At block 404, the processing device 302 can identify, in response to receiving the support request 114, troubleshooting information 116 associated with the issue or the computing environment 102 in a support information database 108. For example, the processing device 302 may perform a keyword search of the support information database 108 using key words from the support request 114 or the diagnostic file 122. The search result that most closely matches the issue or the configuration of the computing environment 102 (e.g., the software services, host machines, operating system, or the like) may be selected by a support personnel, a user, or automatically selected by the processing device 302. Or, if the processing device 302 does not identify troubleshooting information 116 associated with the issue or the computing environment 102 in the support information database 108, the processing device 302 can generate a new set of troubleshooting information 116 to store in the support information database 108.

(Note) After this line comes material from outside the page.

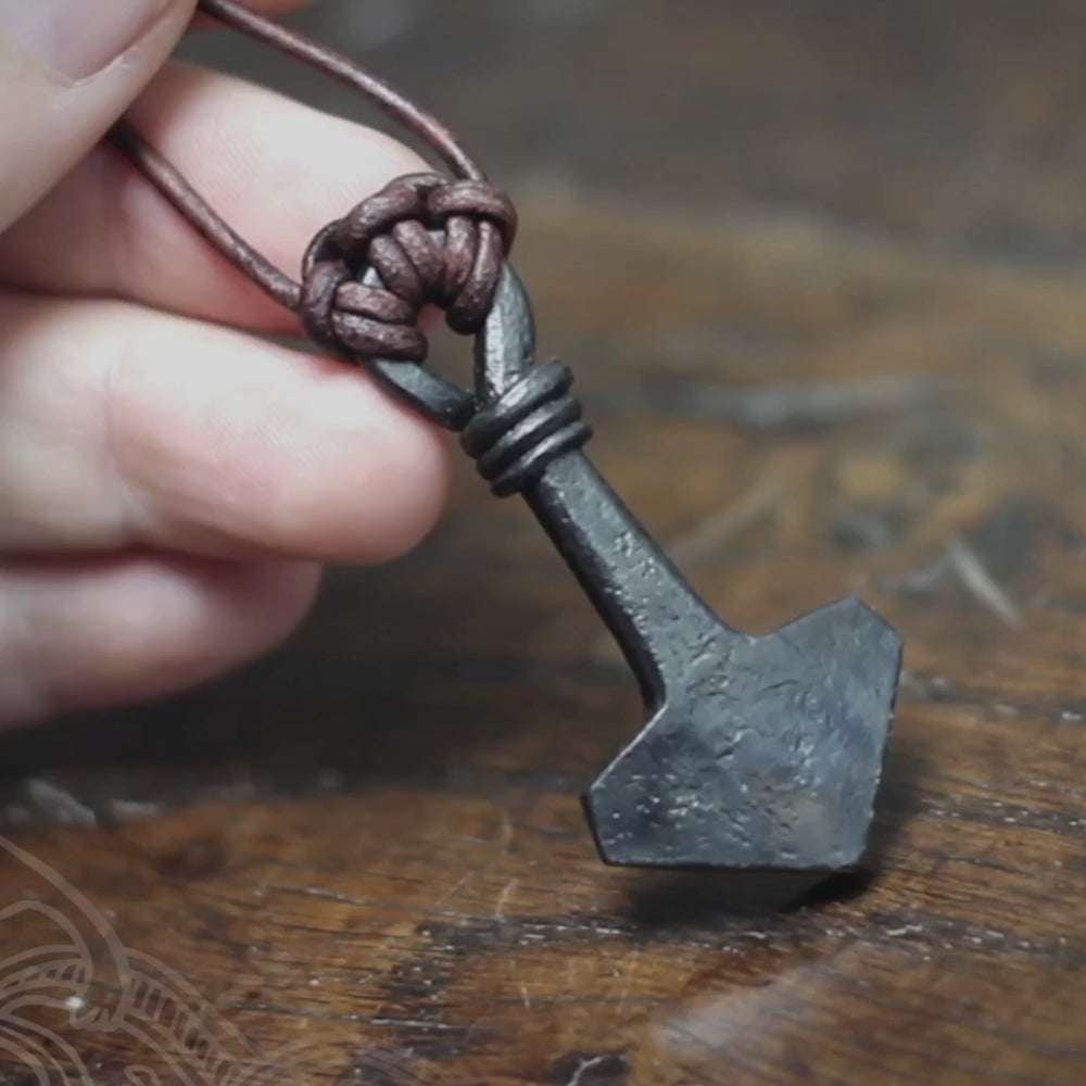 This large sized Viking Thor's hammer has been completely hand forged out of iron using traditional blacksmithing techniques. The Mjolnir pendant is suspended on a adjustable leather cord. This one is one of our older designs.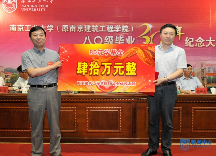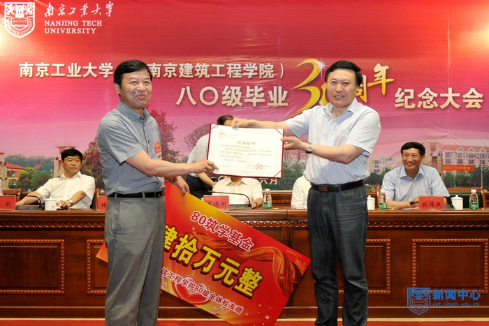 会上,由校友们捐资筹措的“80筑学基金” 正式设立,副校长乔旭代表学校接受捐赠并向校友代表颁发了捐赠证书。

At block 406, the processing device 302 can embed a diagnostic software tool 118 associated with the issue or the computing environment 102 within the troubleshooting information 116. For example, the diagnostic software tool 118 may be an application that identifies whether a configuration setting for the service that is experiencing the issue in the computing environment 102 matches an expected value. The diagnostic software tool 118 can be embedded within the troubleshooting information 116 such that when a webpage for the troubleshooting information 116 is rendered (e.g., when a user selects the troubleshooting information 116 from the search results), an interface element 124 displaying a result 126 for the diagnostic software tool 118 is included in the webpage. If a diagnostic file 122 is not received from the user device 104 (or if one or more files 130 are not accessed from the computing environment 102), the webpage may render without the interface element 124.
At block 408, the processing device 302 can output a graphical user interface (GUI) 120 displaying the troubleshooting information 116 and comprising an interface element 124 displaying a result 126 generated by applying the diagnostic software tool 118 to the diagnostic file 122 for the computing environment 102 for use in resolving the issue. The appearance of the interface element 124 may depend on the result 126. For example, the processing device 302 may determine a color or an icon for the interface element 124 based on the result. If the result 126 matches an expected result for the diagnostic software tool 118, the processing device 302 may identify a color or an icon associated with the match (e.g., green for a match). Or, if the result 126 does not match, another color or icon may be identified (e.g., red for no match).
The foregoing description of certain examples, including illustrated examples, has been presented only for the purpose of illustration and description and is not intended to be exhaustive or to limit the disclosure to the precise forms disclosed. Numerous modifications, adaptations, and uses thereof will be apparent to those skilled in the art without departing from the scope of the disclosure.